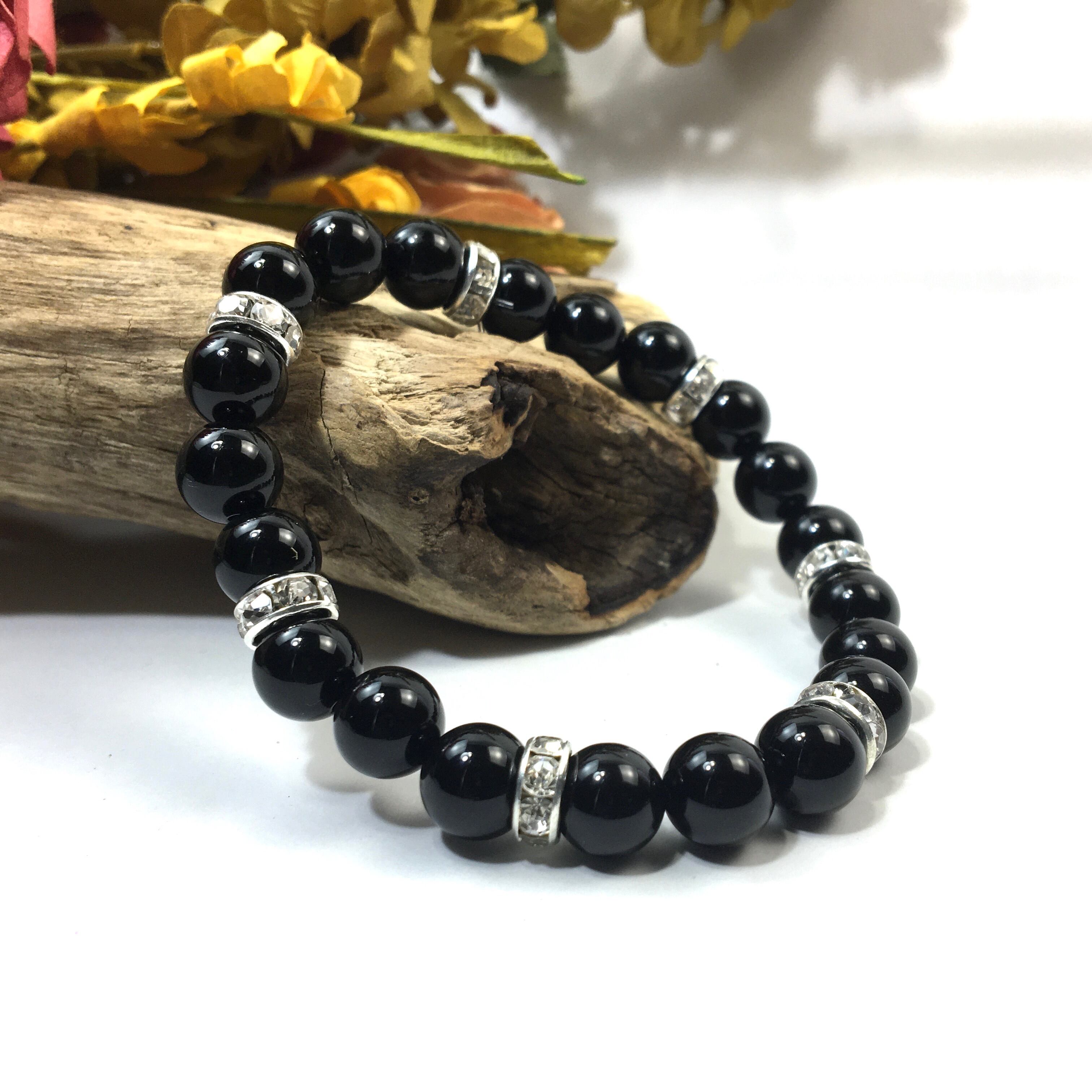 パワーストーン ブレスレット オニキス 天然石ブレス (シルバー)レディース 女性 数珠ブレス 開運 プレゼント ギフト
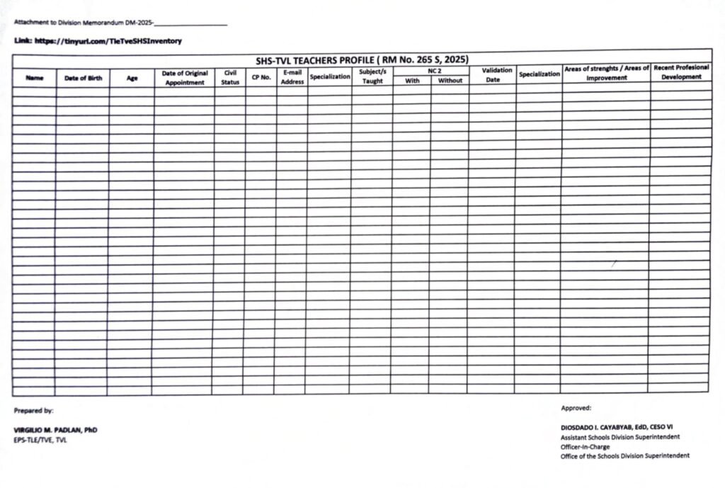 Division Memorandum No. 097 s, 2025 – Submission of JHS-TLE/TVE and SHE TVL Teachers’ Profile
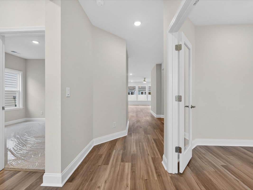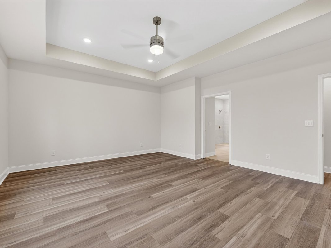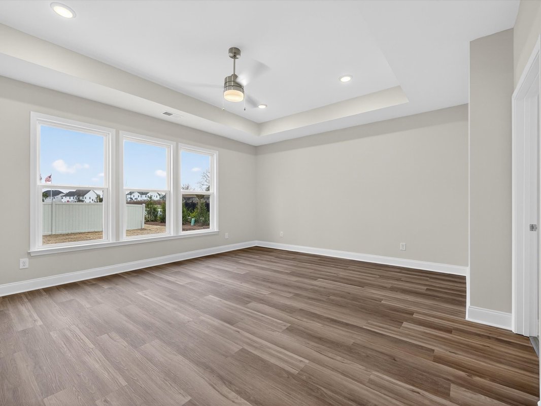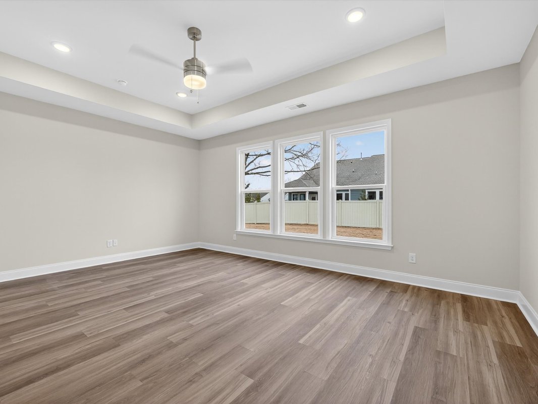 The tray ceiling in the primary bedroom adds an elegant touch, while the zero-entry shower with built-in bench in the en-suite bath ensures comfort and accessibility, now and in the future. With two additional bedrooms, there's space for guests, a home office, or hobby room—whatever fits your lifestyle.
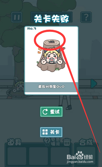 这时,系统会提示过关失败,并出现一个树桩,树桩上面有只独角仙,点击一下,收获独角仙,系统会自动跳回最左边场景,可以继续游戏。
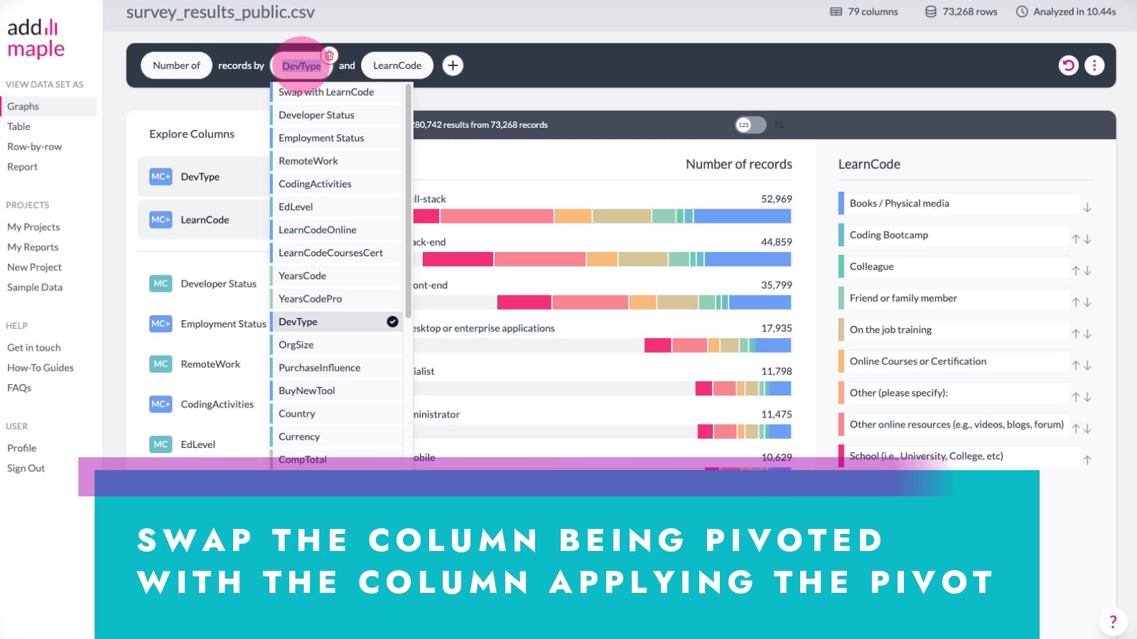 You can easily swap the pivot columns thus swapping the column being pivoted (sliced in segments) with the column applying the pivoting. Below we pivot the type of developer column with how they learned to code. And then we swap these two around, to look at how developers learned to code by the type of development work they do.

= = = =

Copy exactly the lines from the line that has "The tray ceiling" through the last line of the entries above, inclusive, and no others. Pictures do not go in the copy.

▸ **EXPECTED ANSWER**:
 The tray ceiling in the primary bedroom adds an elegant touch, while the zero-entry shower with built-in bench in the en-suite bath ensures comfort and accessibility, now and in the future. With two additional bedrooms, there's space for guests, a home office, or hobby room—whatever fits your lifestyle.
 这时,系统会提示过关失败,并出现一个树桩,树桩上面有只独角仙,点击一下,收获独角仙,系统会自动跳回最左边场景,可以继续游戏。
 You can easily swap the pivot columns thus swapping the column being pivoted (sliced in segments) with the column applying the pivoting. Below we pivot the type of developer column with how they learned to code. And then we swap these two around, to look at how developers learned to code by the type of development work they do.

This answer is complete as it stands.